バックスクリーンで野球を見ること。
興行的にみれば打者・投手の対決を延長線上で見ることができる特等席であり、座席数も増やせると良いことづくめだ。
それでもバックスクリーンに観客を入れないのには理由がある。
打者・投手の延長線上というのが最大のポイントだ。
そこに白い服・ユニフォームを着た観客がたくさん座っていたら、応援団が白い旗を大きく振っていたらどうだろう。
打者・捕手・球審の三者は投球が見えづらくなり、当然打者の打率は下がる。
また投球が見えづらいということは、危険度が増すということでもある。
打者は危険球への反応が遅れる。
捕手は捕球ができない。
審判は捕球できなかった投球が直に当たる。
ちょっとした怪我では済まされないのだ。
公認野球規則によるバックスクリーンの制約はない。
しかしプロ野球の球場ではバックスクリーン下に座席を造らないか席を暗色にし、いずれにせよ観客を入場させない措置をとっている。

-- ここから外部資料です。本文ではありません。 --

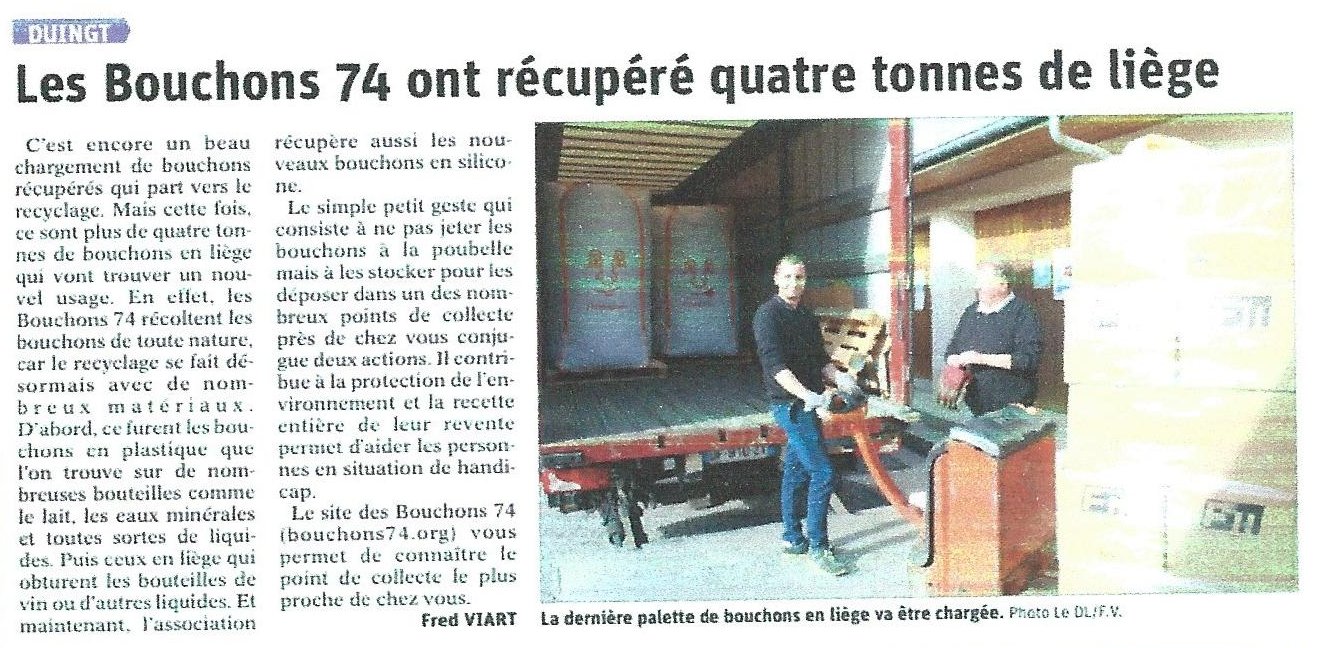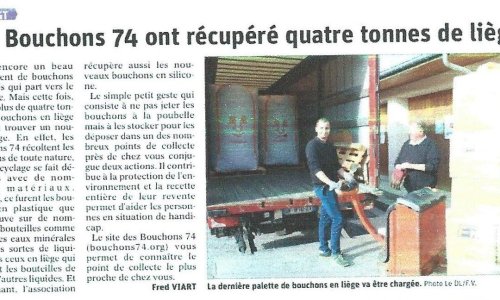 Article du Dauphiné Libéré en date du : 01/04/2022 ; DUINGT : Les Bouchons 74 ont récupéré quatre tonnes de liège

打者・投手の延長線上にあるのはバックスクリーンだけではない。
反対側にはバックネットがあり、バックネット裏には観客がいる。
これでは投手の危険度が増すと心配になるだろう。
しかし投手は安全面から見て三者(打者・捕手・捕手)ほど危険ではない。
捕手からの返球は投球ほど力はないし、見失ったとしても投手は三者に比べ逃げやすい体勢だ。
とはいえ強烈なピッチャー返しは危険度が増す。
投球時に観客が視界に入り気になる。
そこでプロ野球の球場では投手心理・安全面を考え、観客を座らせる代わりにさまざまな対策が施されている。
・ホームからバックネットまで距離をとる
・バックネット下部のフェンスを高くする
・バックネット下部を関係者室にし、スモークガラスにする
球場により色は異なるが、何かしら対策をし投手のストレス低減に努めている。
選手が最高のパフォーマンスを発揮できるよう、球場造りから綿密に計算されていることがお分かり頂けただろうか。
プロ野球球場のグランドに立つとワクワクする。
それはプロがプレーする場に立てた感動だけでなく、地方球場では体感することのできない華やかさであったり、職人たちが選手を思い造り上げた魂が我々に伝染して起こる興奮ではないだろうか。
見方を変えてプロ野球の球場を見ると面白い発見が次々に押し寄せてくる。
知らず知らずのうちに、皆さんも球場のファンになっているだろう。